Fixed by clearing /bin.
Node redownloaded binaries and started normally.
Maybe it can be handled more gracefully. Didn’t investigated it in depth, but i assume maybe binaries was corrupted by fs (ran fsck recently and found some errors), or maybe binaries was partially downloaded. Maybe add some hashsum check for binaries at startup.

Same result. Node is now suspended.
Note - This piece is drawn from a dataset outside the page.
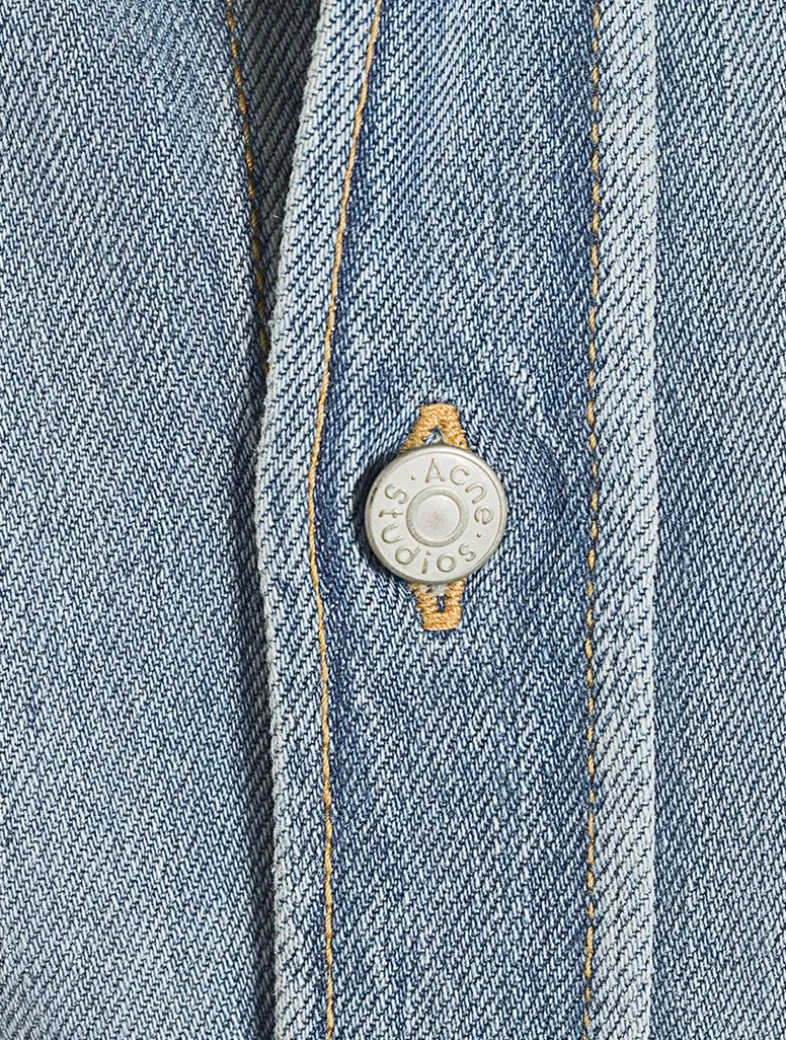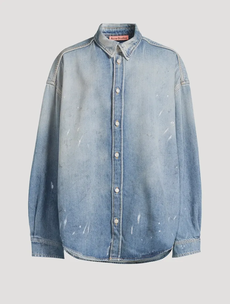 Made in Italy, this button-up shirt is crafted in twill cotton blend denim with tinted and painted mark detailings. Cut to a relaxed unisex fit and below hip length.

Not sure what else to do.

When you deleted the bin folder, was the container stopped or removed?
I saw some weird cases, when docker may rollback changes if you modify something on the bind local filesystem when the container only stopped.
Could you please try to stop and remove the container, then delete the bin folder from the data location and run the container back?
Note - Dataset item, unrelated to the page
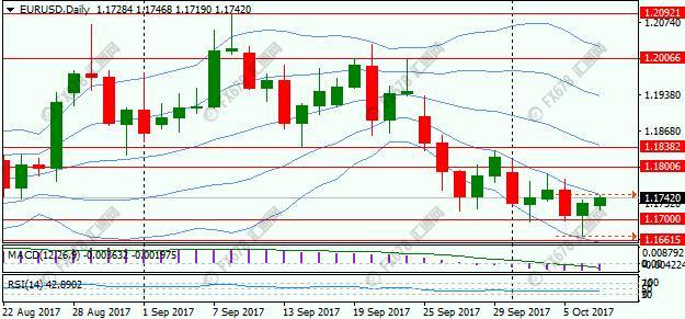 欧元兑美元亚欧时段震荡盘整,交投于1.1719-1.1747区间;上周五公布的非农就业报告喜忧参半,但市场对美联储年内再度加息的预期升温,限制了欧元兑美元的涨幅;目前多空争夺,但汇价仍处于下行趋势中。

If that wouldn’t help too, then please try to run with a --platform linux/arm/v5 before the image name.
If that wouldn’t help too, then please run your docker run command but with adding --entrypoint /bin/bash before the image name, e.g.:

docker run ...\
...
  --entrypoint /bin/bash \
storjlabs/storagenode:latest

it should open a shell.
There run this command:

/config/bin/storagenode setup --help

Will it be executed?

Thanks!

Deleting the bin folder after the container was removed worked.

Just stopping the container and removing the bin folder was not enough.

I don’t understand why this came up now after 5 years of running this node without issue, but at least it started up and is (sadly) cleaning out TB’s of old data now.

1 Like

Likely because of the data corruption. And this time it was a binary file in the storage location.

I suspected that. Glad, that it finally worked.